I have tens of thousands of songs –literally, on iTunes — and figuratively, in the sense that my collection is always expanding because music is always evolving, and because I constantly discover new sounds to listen to. Not a day goes by that I’m not on the hunt for a fresh track to make my own.
My love of music is deep, and traces its roots to my early childhood.
My father is a Missouri-born guitarist who once backed up country-music superstars like Jim Reeves and Ferlin Husky on traveling radio-show version of the Grand Ole Opry. I grew up listening to him, and to the musicians he liked: Johnny Cash, Willie Nelson, Merle Haggard, Hank Williams, Waylon Jennings and many, many more. I love classic Country & Western music still, and also admit to harboring a secret, somewhat embarrassing passion for cowboy music, songs like Tumbling Tumbleweeds, Ghost Riders in the Sky and Rawhide.
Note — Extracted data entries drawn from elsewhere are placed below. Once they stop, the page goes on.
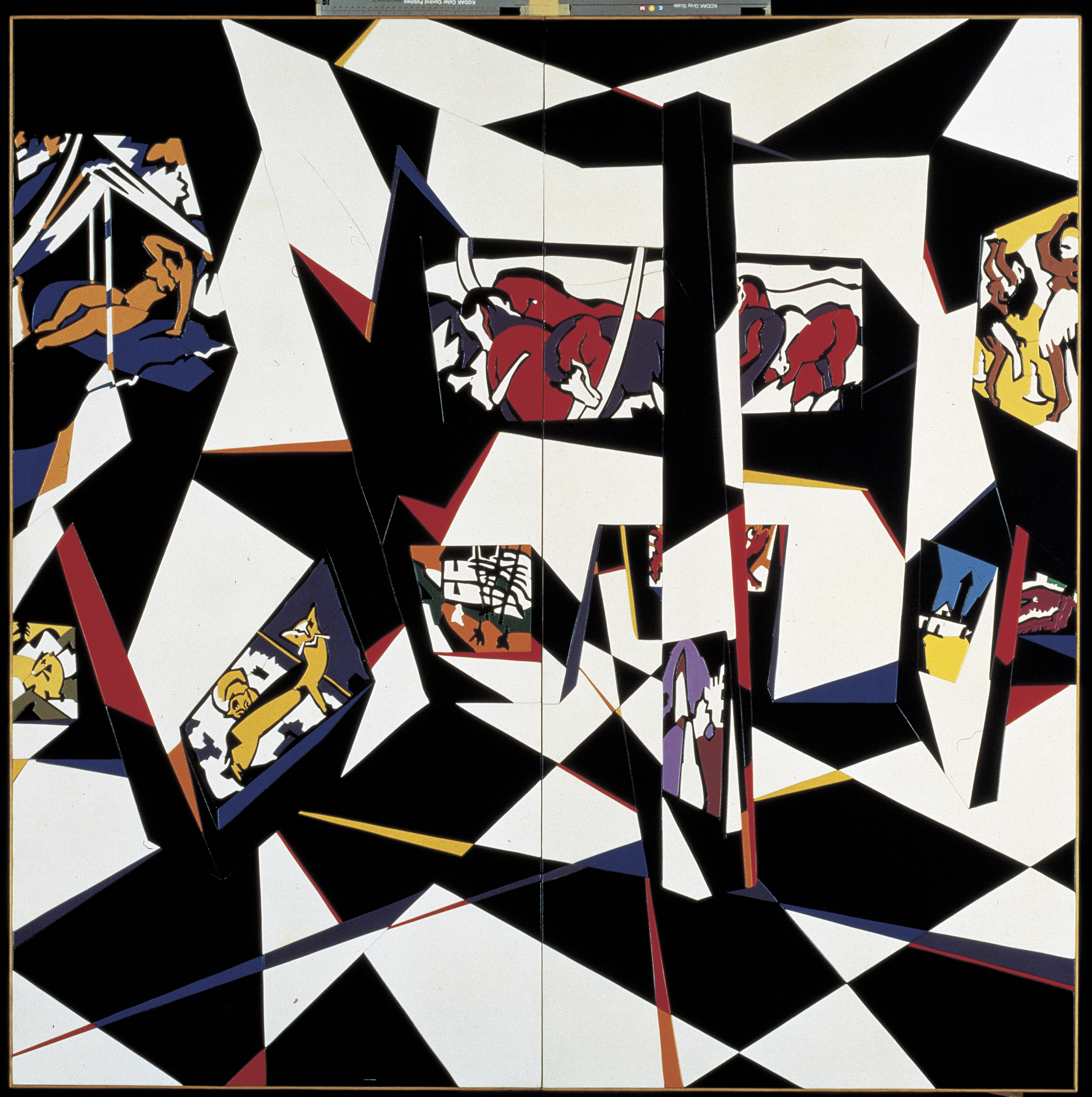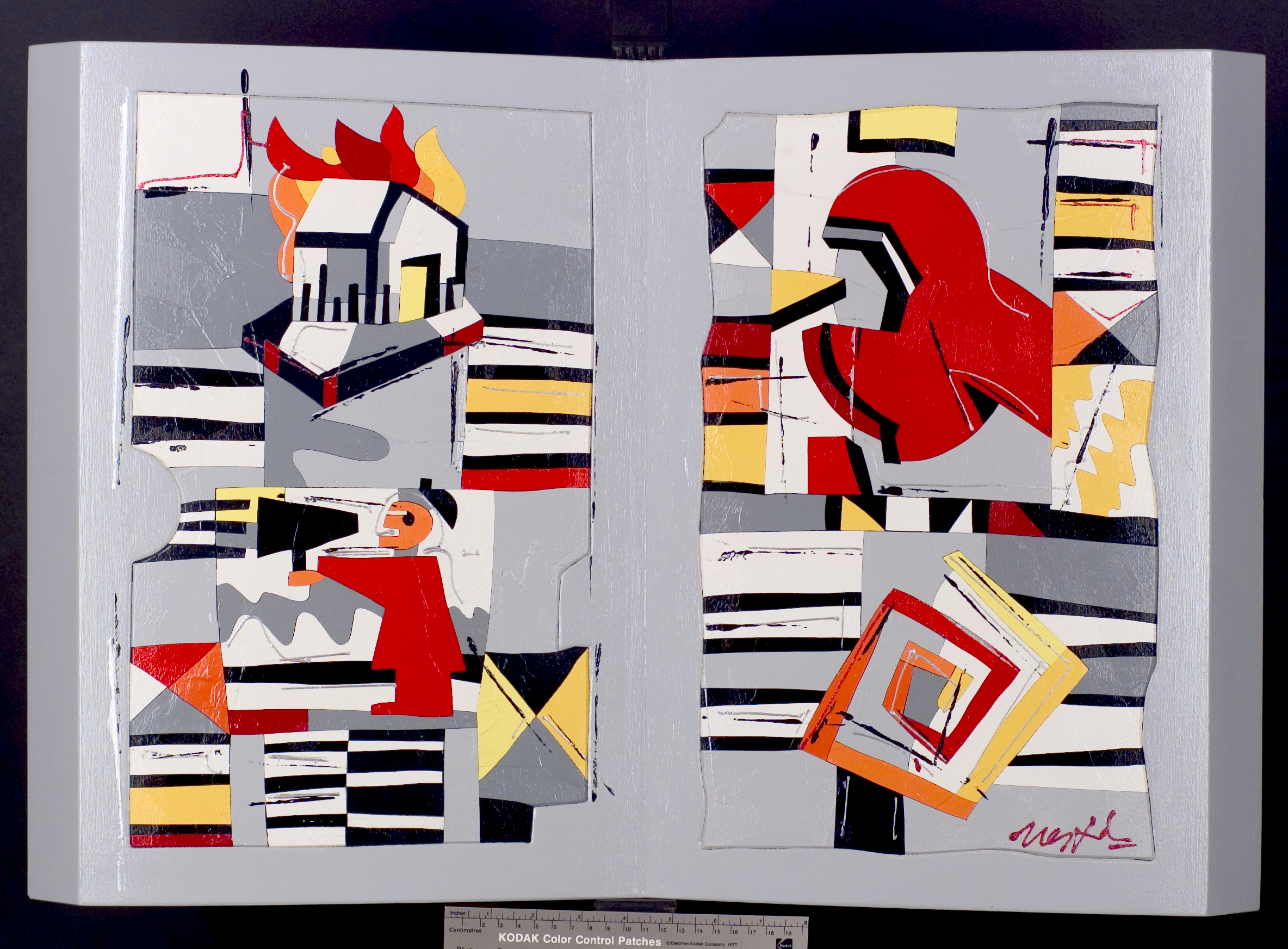 A modo mio. Nespolo tra arte, cinema e teatro è la personale dedicata all’esperienza multidisciplinare dell’artista piemontese che inaugural oggi al Centro Saint-Bénin di Aosta per rimanere aperta fino a domenica 8 aprile. L’esposizione, curata dal critico d’arte Alberto Fiz in collaborazione con il filosofo Maurizio Ferraris, è organizzata dall’Assessorato Istruzione e Cultura della Regione autonoma Valle d’Aosta. Sono oltre 80 le opere esposte tra dipinti, disegni, maquettes per il teatro, sculture, tappeti, fotografie e manifesti realizzati dal 1967 fino ad oggi in un percorso spettacolare e coinvolgente, ideato per gli spazi dell’ex chiesa sconsacrata. Dall’arte al cinema, dai cartoon televisivi alla logica matematica fino al teatro, le opere, disposte in base a tracciati tematici, creano una costellazione all’interno del Centro Saint- Bénin da cui emerge la versatilità di uno dei più originali e trasgressivi interpreti della scena contemporanea italiana che ha ripercorso stili e stilemi “a modo suo”, senza mai lasciarsi imbrigliare dalle convenzioni. Nespolo fa il suo ritorno ad Aosta 23 anni dopo la sua prima personale organizzata nel 1994 alla Tour Fromage: Effetto pittura era il titolo di quella mostra dove il curatore e grande storico del cinema Gianni Rondolino, recentemente scomparso, sottolineava come l’universo cinematografico inteso come la moltiplicazione delle immagini sul terreno della fantasia e dell’immaginazione fosse per l’artista il campo d’azione privilegiato. Anche in questa circostanza il cinema ha un ruolo significativo sia nella sua dimensione specifica, sia nella sua reinterpretazione pittorica dove i frame dei suoi film diventano grandi dipinti che conservano la memoria della pellicola. Nell’ambito della mostra, poi, uno spazio specifico è dedicato alle differenti forme d’indagine audiovisiva partendo dal cinema sperimentale e dai cortometraggi degli anni sessanta dove compaiono tra i protagonisti Lucio Fontana, Alighiero Boetti, Michelangelo Pistoletto, Mario Merz, Enrico Baj, per giungere fino a Yo Yo, la serie di cartoni animati in 52 episodi realizzata nel 2016 per Rai Yo Yo che ha vinto il primo premio nella sezione Series Preschool a Cartoons on the Bay in occasione della 21° edizione del Festival Internazionale dell’Animazione 2017.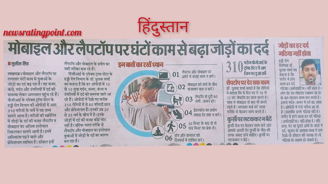 लखनऊ। मोबाइल और लैपटॉप पर लगातार घंटों काम से युवाओं के जोड़ों का दर्द बढ़ रहा है। यह कमर, कंधे, गर्दन और उंगलियों में दर्द की समस्या लेकर अस्पताल पहुंच रहे हैं। पीजीआई के एपेक्स ट्रॉमा सेंटर के हड्डी रोग विभाग की ओपीडी में आए 310 मरीजों के सर्वे में यह तथ्य सामने आया है। मरीजों की स्क्रीनिंग में जोड़ों के दर्द की वजह लैपटॉप व मोबाइल का अधिक इस्तेमाल निकलकर सामने आयी है। इनमें अधिकांश पढ़ने वाले और प्रोफेशनल शामिल हैं। डॉक्टर इन्हें लैपटॉप और मोबाइल के प्रयोग का सही तरीका बता रहे हैं। पीजीआई के एपेक्स ट्रामा सेंटर के हड्डी रोग विभाग के डॉ. पुलक शर्मा का कहना है कि हर ओपीडी में 10 से 15 युवा गर्दन, कमर, कंधे व उंगलियों में दर्द की समस्या वाले आ रहे हैं। ओपीडी में देखे गए करीब 310 रोगियों में से 80 फीसदी छात्र और प्रोफेशनल हैं। इनकी उम्र 20 से 35 वर्ष के बीच में है। इनके जोड़ों में दर्द की वजह कोई चोट नहीं है। बल्कि गलत तरीके से लैपटॉप और मोबाइल का इस्तेमाल युवाओं में जोड़ों के दर्द का कारण बन रहा है।
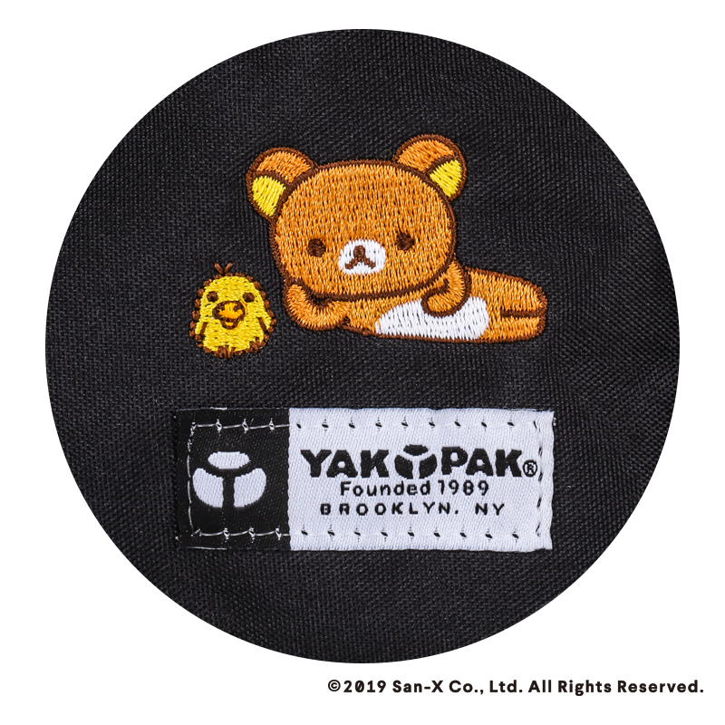 └キュートなリラックマの刺しゅうとYAK PAKの公式タグのワンポイントデザイン。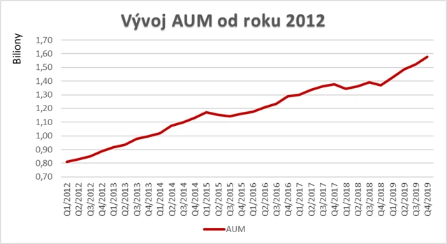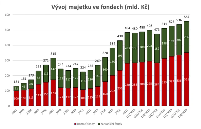 Celkový objem investic v ČR je už tradičně obdobný jako výdaje českého státního rozpočtu. Na konci roku 2019 dosahoval více než 1,58 bilionu korun. Jedná se o peníze, které lidé nebo instituce svěřili správcům aktiv v České republice nebo jejich prostřednictvím správcům aktiv v zahraničí.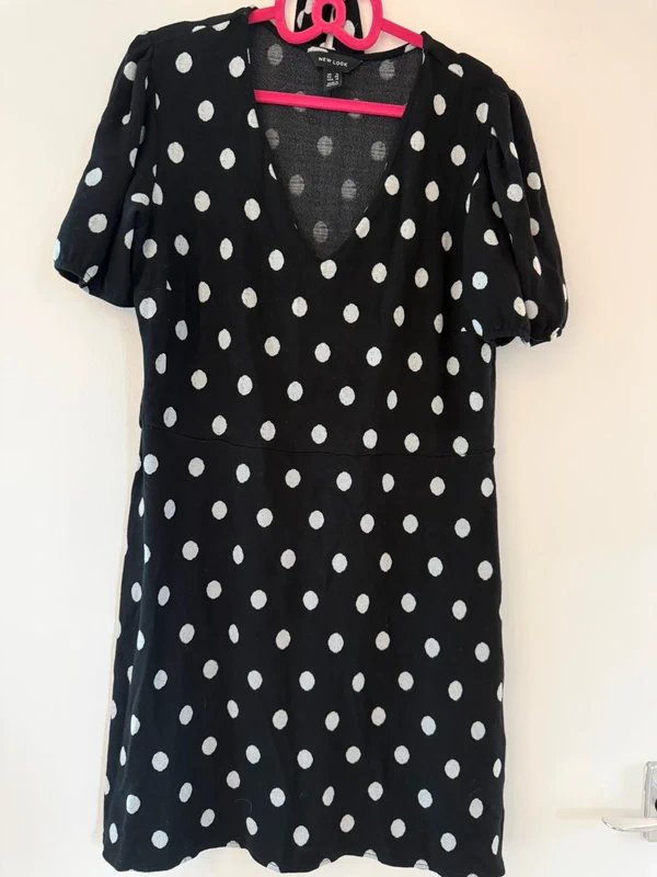 The New Look Polka Dot Midi Dress in Black is available in sizes L.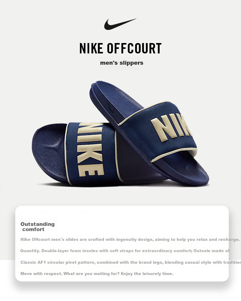 **Description:** Exceptional comfort, the NikeOffcourt Men's Slides are meticulously designed to help you relax and recharge. Featuring a dual-layer foam footbed with a soft strap for extraordinary comfort; the outsole incorporates the classic AF1 circular pivot pattern and brand logo, paying homage to traditional basketball style in a casual way. What are you waiting for? Enjoy leisurely moments.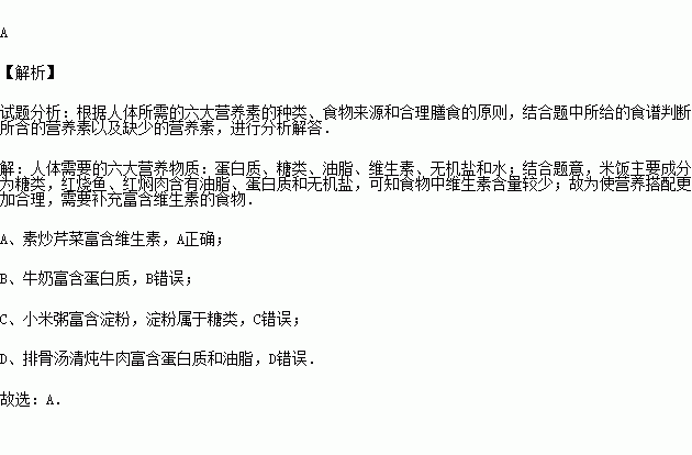 A.素炒芹菜 B.牛奶 C.小米粥 D.排骨汤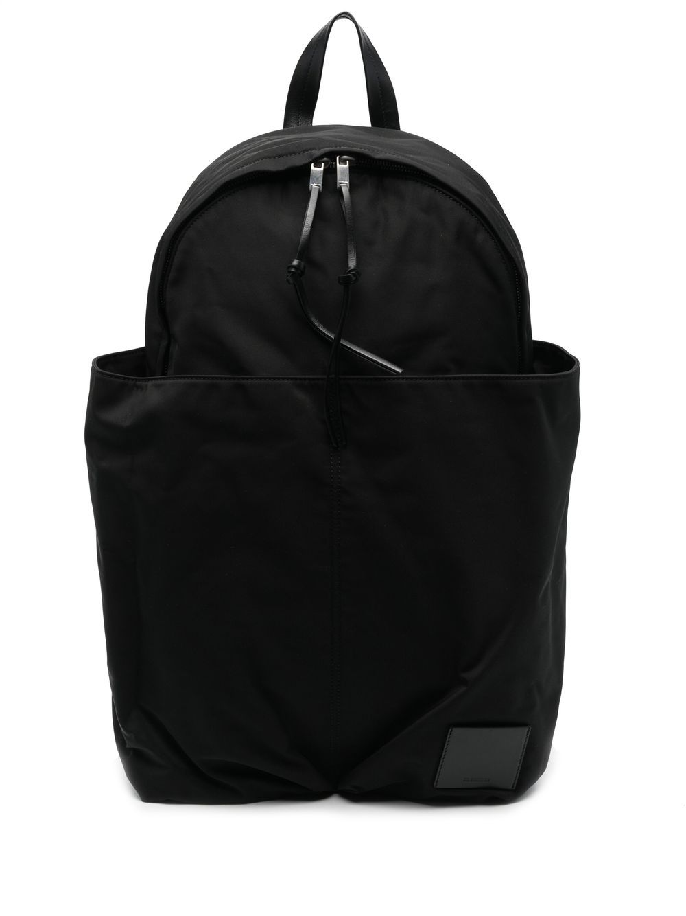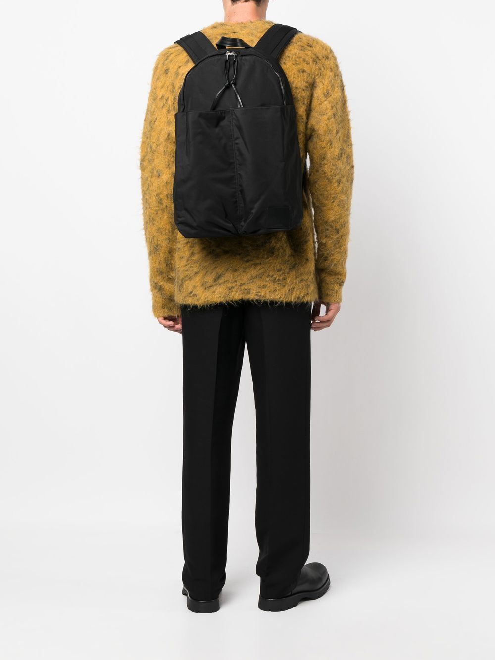 black calf leather logo patch to the front front two-way zip fastening adjustable shoulder straps front pouch pocket main compartment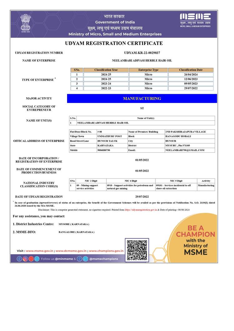 KARNATAKA HAKKI PIKKI NEELAMBARI HERBAL Hir oil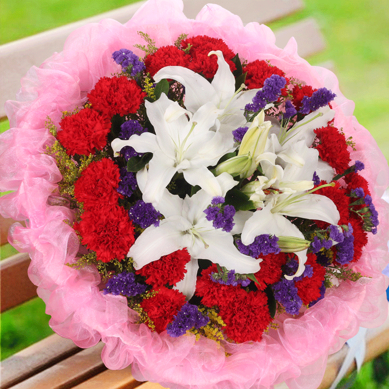 花 材:19支红色康乃馨,3支多头香水百合,搭配黄莺、勿忘我装饰。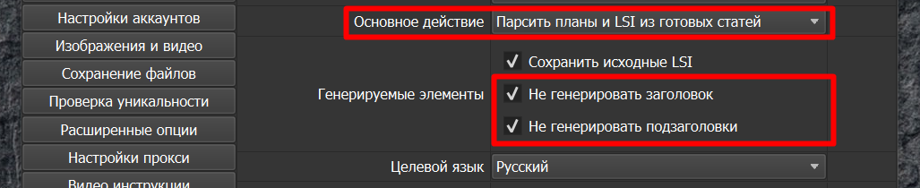 Если же заголовки нам не нужны, то в исходном файле с LSI просто удалите их или же на этапе, работы с функцией «Парсить планы и LSI из готовых статей» просто поставьте галочку «Не генерировать заголовки», «Не генерировать подзаголовки». Тогда в готовом файле будут содержаться только LSI фразы без заголовков.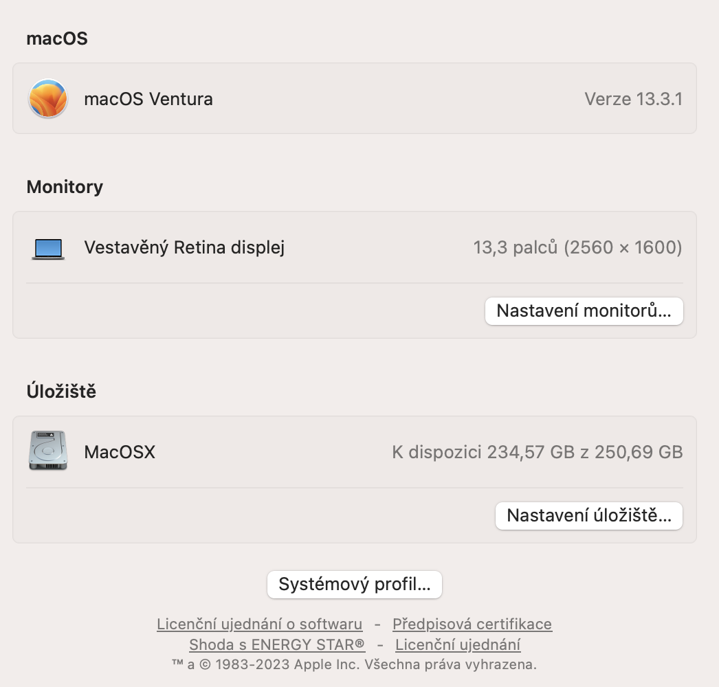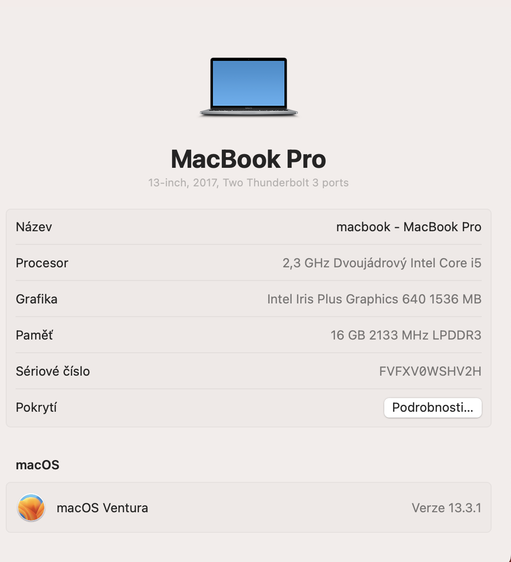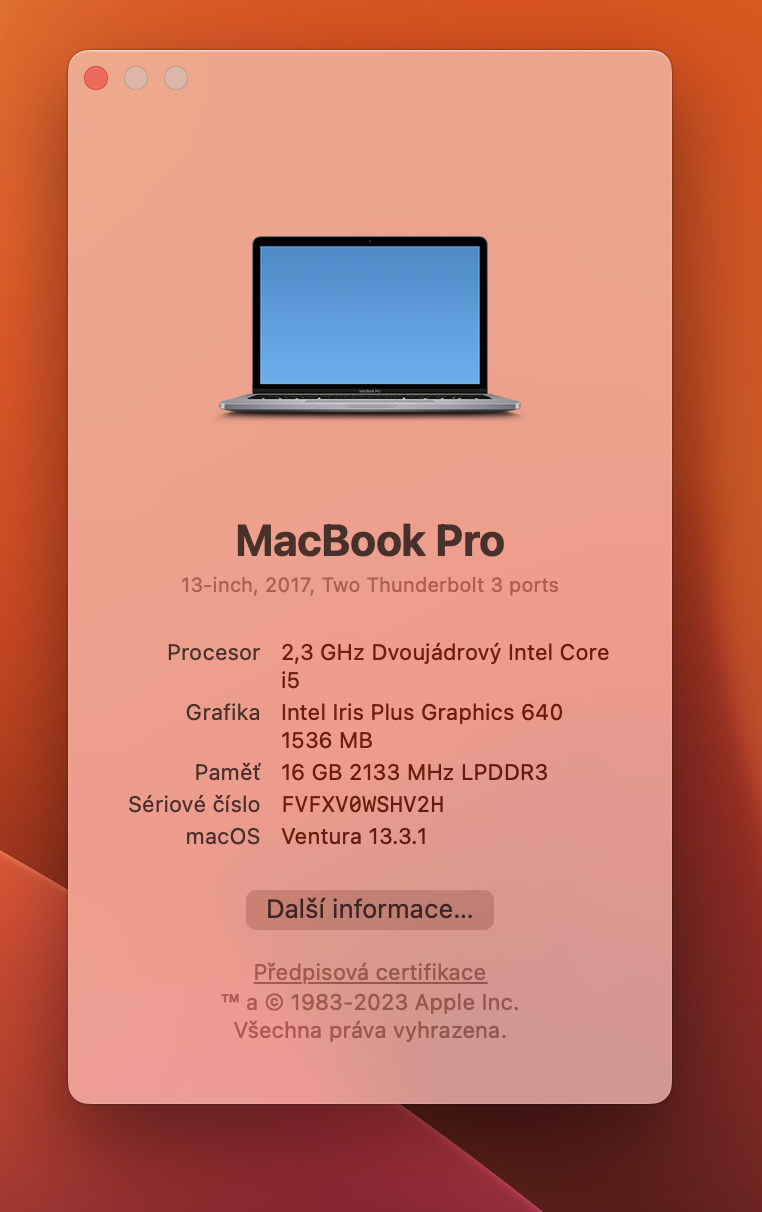 Procesor: 2,3GHz Dvoujádrový Intel Core i5

My mother, a Londoner and somewhat more refined in her tastes, loves classical music. She taught me to appreciate Beethoven, Tchaikovsky, Mozart, Rachmaninov, Chopin and many, many more. Even today, probably forty or more years from the day I first heard it, Beethoven’s Moonlight Sonata brings tears to my eyes. It is powerful music, expressive in ways that words can never be.
Somewhere along the way, I eventually discovered other types of music, including rock, pop, folk, jazz, reggae, American blues, Tejano, Flamenco, swing, electronica, Fado, and many, many more. I listen to it all, but particularly adore musicians like Neil Young, Tom Waits and Bob Dylan, who is the master songwriter of our times, as far as I’m concerned — the anti-Katie Perry, although much, much uglier and harder to dance to.
The only thing about music I don’t like is that I can’t make it myself, or not well enough.
I’ve always longed to be musician. I played the recorder and took piano lessons as a kid, and even took up the guitar in my teens, taking formal lessons to learn classical and jazz pieces at the same time I dabbled in heavy-metal music with my friends.
But I don’t have my father’s gift for music. I can’t keep a beat reliably, and I get so nervous playing in public that I forget chords and lyrics.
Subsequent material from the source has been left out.